Walton was in the Air Force (called the Air Guard at that time), and moved to 11 different states during training. He went to New Guinea first and spent a week unloading the ship and setting up camp. He was a cook/baker and spent most of his time there. He spent time in the Philippines, then Tokyo before being discharged home.

He vividly remembers he and his group digging fox holes to hide in during ground strikes. Walton said he and his buddy dug their foxhole in a “L” shape so they would be able to talk to each other as they watched the airplanes battle in the sky above.

“I’ve been asked if I got scared during the war, and my answer is anybody that tells me they didn’t get scared is lying,” Walton said.

RETURNING HOME

Walton had been deployed more than 21/2 years when the armistice ending the war was signed in 1945. Walton remembers the joy and celebration when they learned that war was over. He returned home on an aircraft carrier, this trip only taking eight days.

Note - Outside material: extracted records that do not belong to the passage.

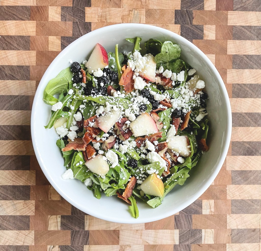 Every once in awhile the craving will hit hard for a salad and of all the cravings, that’s one I feel like I should be quick to jump on, right?! I like my salads on the sweet side and this one definitely fits that bill, but the arugula and the crumbled bacon off set that sweetness. If you’re looking to lower an already pretty short prep time (me, almost always), buy a bag of pre-sliced apples and a package of pre-cooked bacon. Microwaving the bacon for just 30 seconds was enough to crunch it up a bit and make it easy to crumble.
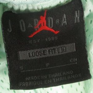 These Jordan athletic shorts for men in small feature a mint foam and sand drift color scheme with a diamond pattern. Designed with a loose fit, they offer comfort and style, ideal for workouts or casual wear. Please check measurements below.
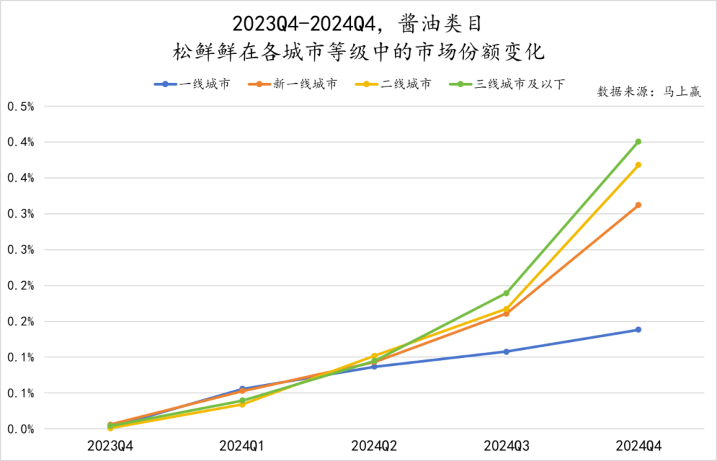 在酱油类目中,松鲜鲜由于进入该类目时间较晚,市场份额也相对较小,所以整体增速还处于高速增长的阶段中。但与其在传统复合调味料类目中的问题一致,其在一线城市等级市场中的表现与其他三个等级市场中的表现差异较大。
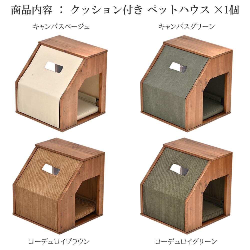 ペットハウス 46.5cm幅 キャンバスベージュ キャンバスグリーン コーデュロイブラウン コーデュロイグリーン ドッグハウス キャットハウス おすすめ おしゃれ 北欧 モダン スタイリッシュ 洗えるカバー 天然木使用 サイドテーブル ソファサイドテーブル 犬の部屋 猫の部屋 カバー洗濯可能

Once his bus got into the station in Birmingham, he couldn’t wait for the reunion with his wife Hilma, who he married when they were 18. She worked at the bus station, and Walton said he will never forget the excitement when the door opened and he saw her standing there.

“She was one of the prettiest things I’ve ever seen,” he said. “Her hair was done by a beautician, and she had on new shoes and a brand new outfit. When I saw her that night, that was a night I’ll always remember ... she took my breath away. I grabbed her and held her in my arms and cried and she cried, not tears of sorrow but tears of gratitude and happiness.”

Within a month of returning home, Walton joined a singing group with some of his cousins called The Keymasters. They began touring allover the country. Walton sang bass and said he will never forget those times.

Walton also drove a street car, worked for a gas company selling stoves and water heaters door-to-door in Birmingham, and eventually worked for Miller Beauty Supply, selling supplies all over the state until he retired.

He continued singing with The Keymasters then The Rhythm Masters and in all sang close to 60 years, retiring around 2011.

MEETING A LEGEND

It was during a show where The Keymasters were opening for The Blackwood Brothers Quartet, when there was a knock on the door at the venue. There was a 14-year-old boy with a guitar who wanted to come in but didn’t have the money. J.D. Sumner, the bass singer for the Blackwood Brothers, let him in and he wound up performing. His name was Elvis Presley. He sang on stage that night, so Walton saw and heard Presley sing before he became famous.

Years later, when Presley was doing a concert in the same town where The Blackwood Brothers were performing, Sumner knocked on the back door and told the person who answered the door to tell Presley that J.D. Sumner was at the back door and Presley came and let him in. Later on, Presley hired Sumner and his Stamps quartet as his back-up singers in 1971.

CHELSEA IS HOME

Walton still lives off Shelby County 32 in Chelsea where his family has lived for five generations. He attended Union Methodist Church from the age of 8 until he was no longer able to go due to health reasons. He and Hilma were married for 70 years before she passed away in 2012.

Brasher said Walton is “doing excellent for what he’s been through” and as soon as the coronavirus crisis is over, it’s one of their first priorities to see the Bates family.